Information shown START

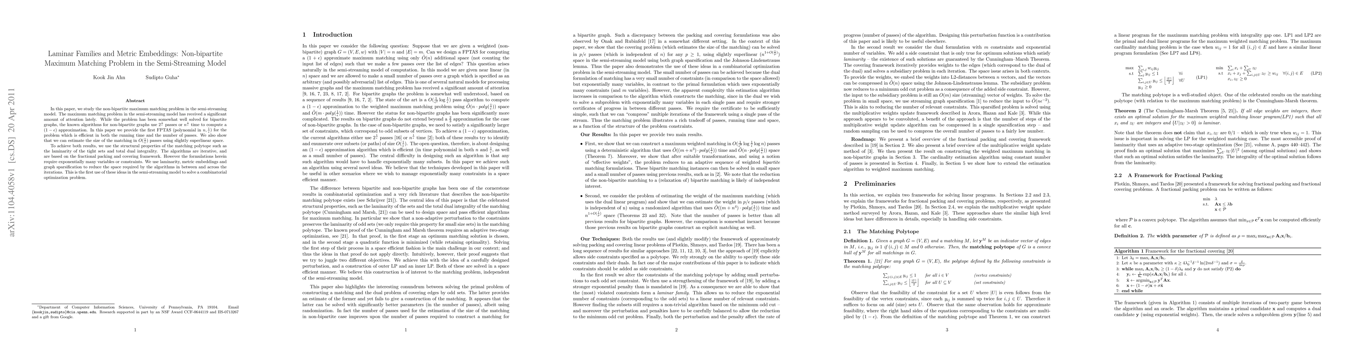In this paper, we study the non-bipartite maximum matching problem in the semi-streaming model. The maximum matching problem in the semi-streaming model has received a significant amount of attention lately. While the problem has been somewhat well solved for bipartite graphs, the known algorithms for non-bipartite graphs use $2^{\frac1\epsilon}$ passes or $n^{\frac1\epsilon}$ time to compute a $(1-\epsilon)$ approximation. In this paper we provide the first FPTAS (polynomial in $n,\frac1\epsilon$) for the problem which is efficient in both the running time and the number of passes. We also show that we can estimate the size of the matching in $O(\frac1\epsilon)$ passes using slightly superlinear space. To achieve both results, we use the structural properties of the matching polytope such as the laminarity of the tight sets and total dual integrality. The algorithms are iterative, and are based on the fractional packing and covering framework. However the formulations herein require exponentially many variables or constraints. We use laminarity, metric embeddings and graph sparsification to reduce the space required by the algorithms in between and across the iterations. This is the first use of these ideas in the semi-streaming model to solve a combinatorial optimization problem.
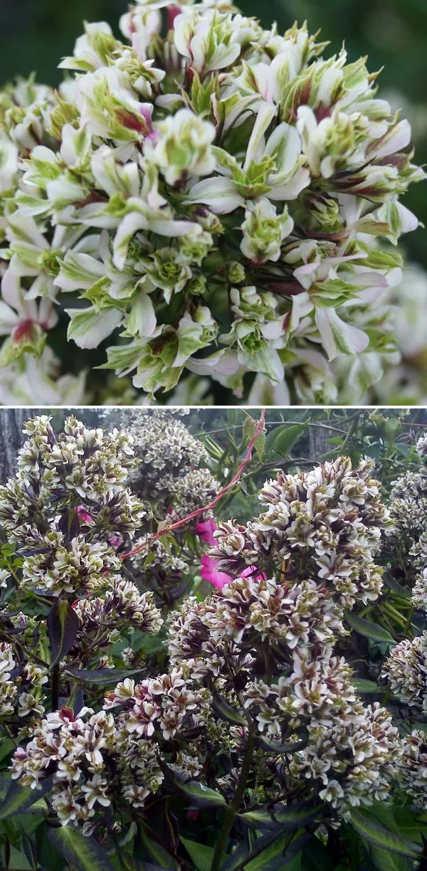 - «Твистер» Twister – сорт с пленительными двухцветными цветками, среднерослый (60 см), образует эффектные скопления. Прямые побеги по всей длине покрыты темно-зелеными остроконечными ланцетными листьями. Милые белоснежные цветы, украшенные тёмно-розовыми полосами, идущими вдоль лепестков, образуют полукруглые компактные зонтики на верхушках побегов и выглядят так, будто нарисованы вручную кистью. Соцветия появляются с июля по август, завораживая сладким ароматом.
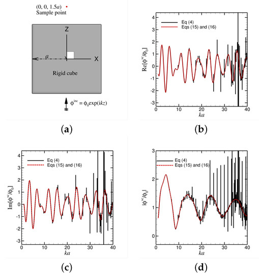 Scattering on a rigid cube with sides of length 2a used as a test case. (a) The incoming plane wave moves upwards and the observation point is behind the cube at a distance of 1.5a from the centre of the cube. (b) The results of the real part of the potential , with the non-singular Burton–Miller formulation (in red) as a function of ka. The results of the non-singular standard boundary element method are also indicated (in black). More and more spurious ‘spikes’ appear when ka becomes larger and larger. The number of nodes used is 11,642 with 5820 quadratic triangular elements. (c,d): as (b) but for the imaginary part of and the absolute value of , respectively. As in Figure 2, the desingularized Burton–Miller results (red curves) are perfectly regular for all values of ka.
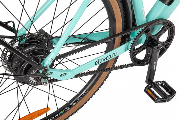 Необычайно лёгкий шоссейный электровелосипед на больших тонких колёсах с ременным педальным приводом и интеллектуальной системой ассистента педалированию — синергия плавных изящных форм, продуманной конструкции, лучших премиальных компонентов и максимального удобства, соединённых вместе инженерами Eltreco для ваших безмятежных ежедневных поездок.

Information shown END
Information shown START

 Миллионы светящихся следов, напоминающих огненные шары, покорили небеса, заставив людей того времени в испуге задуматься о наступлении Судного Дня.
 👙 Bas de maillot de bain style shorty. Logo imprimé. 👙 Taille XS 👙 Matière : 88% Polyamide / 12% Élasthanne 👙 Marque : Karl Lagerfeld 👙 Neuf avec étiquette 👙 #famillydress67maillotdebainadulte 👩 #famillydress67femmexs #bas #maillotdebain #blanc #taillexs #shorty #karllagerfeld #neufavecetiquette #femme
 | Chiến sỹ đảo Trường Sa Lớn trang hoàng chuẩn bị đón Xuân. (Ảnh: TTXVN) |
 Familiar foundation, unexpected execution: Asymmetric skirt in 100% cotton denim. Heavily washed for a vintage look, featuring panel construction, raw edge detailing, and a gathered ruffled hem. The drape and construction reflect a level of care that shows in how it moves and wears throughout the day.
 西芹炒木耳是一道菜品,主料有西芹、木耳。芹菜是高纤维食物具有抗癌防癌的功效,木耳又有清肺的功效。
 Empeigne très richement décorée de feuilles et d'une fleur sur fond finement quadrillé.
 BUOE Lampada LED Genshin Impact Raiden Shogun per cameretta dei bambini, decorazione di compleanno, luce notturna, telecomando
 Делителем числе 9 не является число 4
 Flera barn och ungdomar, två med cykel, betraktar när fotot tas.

Information shown END

> _Work instructions_
Repeat exactly the lines above from the one with "(Ảnh: TTXVN) |" up to and including the one with "Flera barn och". No other line belongs in the reply.

> _The answer_
 | Chiến sỹ đảo Trường Sa Lớn trang hoàng chuẩn bị đón Xuân. (Ảnh: TTXVN) |
 Familiar foundation, unexpected execution: Asymmetric skirt in 100% cotton denim. Heavily washed for a vintage look, featuring panel construction, raw edge detailing, and a gathered ruffled hem. The drape and construction reflect a level of care that shows in how it moves and wears throughout the day.
 西芹炒木耳是一道菜品,主料有西芹、木耳。芹菜是高纤维食物具有抗癌防癌的功效,木耳又有清肺的功效。
 Empeigne très richement décorée de feuilles et d'une fleur sur fond finement quadrillé.
 BUOE Lampada LED Genshin Impact Raiden Shogun per cameretta dei bambini, decorazione di compleanno, luce notturna, telecomando
 Делителем числе 9 не является число 4
 Flera barn och ungdomar, två med cykel, betraktar när fotot tas.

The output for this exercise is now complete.